A spike in consumer confidence shows the impact interest rate stability has in improving the financial outlook for Australians, but may not result in higher retail sales, said Australian National Retailers Association (ANRA) CEO Margy Osmond.
The Westpac–Melbourne Institute Consumer Sentiment Index rose by 11.1 per cent in July to 113.1 from 101.9 in June.
Osmond said while consumer confidence and retail figures traditionally mirrored each other, since the global financial crisis this had not always been the case.
“We remain hopeful that the surge in consumer confidence correlates to a surge in buying at the shops, but it remains to be seen,” she said.
“The GFC had an impact on the way consumers spend as well, they are now less likely to put their hand in their pocket unless looking at a bargain or a sale.

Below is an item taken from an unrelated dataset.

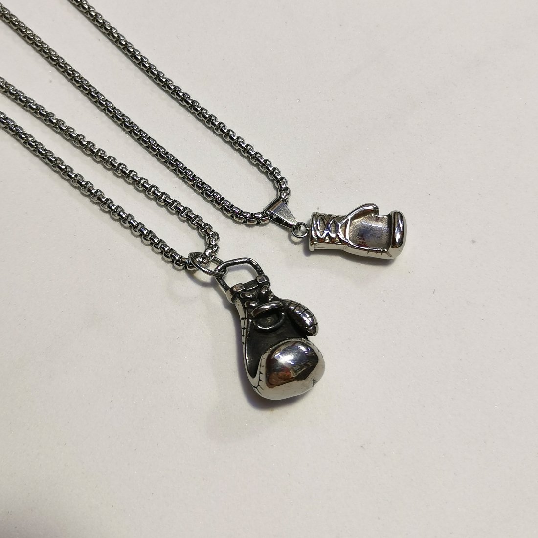 Ciondolo guantone da boxe in acciaio per gli appassionati del pugilato. Un simbolo di forza, determinazione e spirito combattivo in un accessorio dal design iconico.

“However, what is does tell us is that given a period of stability, with interest rates remaining on par the past few months, has a positive impact on consumers view of the economy and their security about spending,” she said.
Westpac's chief economist, Bill Evans, said he expected to see a bounce-back in the index after it had tumbled by 12.3 per cent since April.
“Another substantial fall would have put it in dangerous territory with a slide comparable to that seen entering the early 1990s recession and in 2007-08 prior to the global financial crisis,” he said.
“However we were surprised at the vigour of the bounce back. We saw a comparable surge in confidence in 2009 when households realised that Australia had avoided recession but at that time the index was recovering from a much lower level. This is the strongest monthly increase in the index from a base above the 100 level since records began in the mid-1970s."
The Westpac survey suggested consumers were positive about buying major household appliances, with a rise of 7.3%, reversing the 5.6% fall over the previous two months.
“Retail figures have been improving in the past few months, with slight rises recorded. The real test will come with the June figures – due out 3 August – which will be the first numbers reflecting stable interest rates, then we will have a real indication of the sector’s recovery from the GFC,” Osmond said.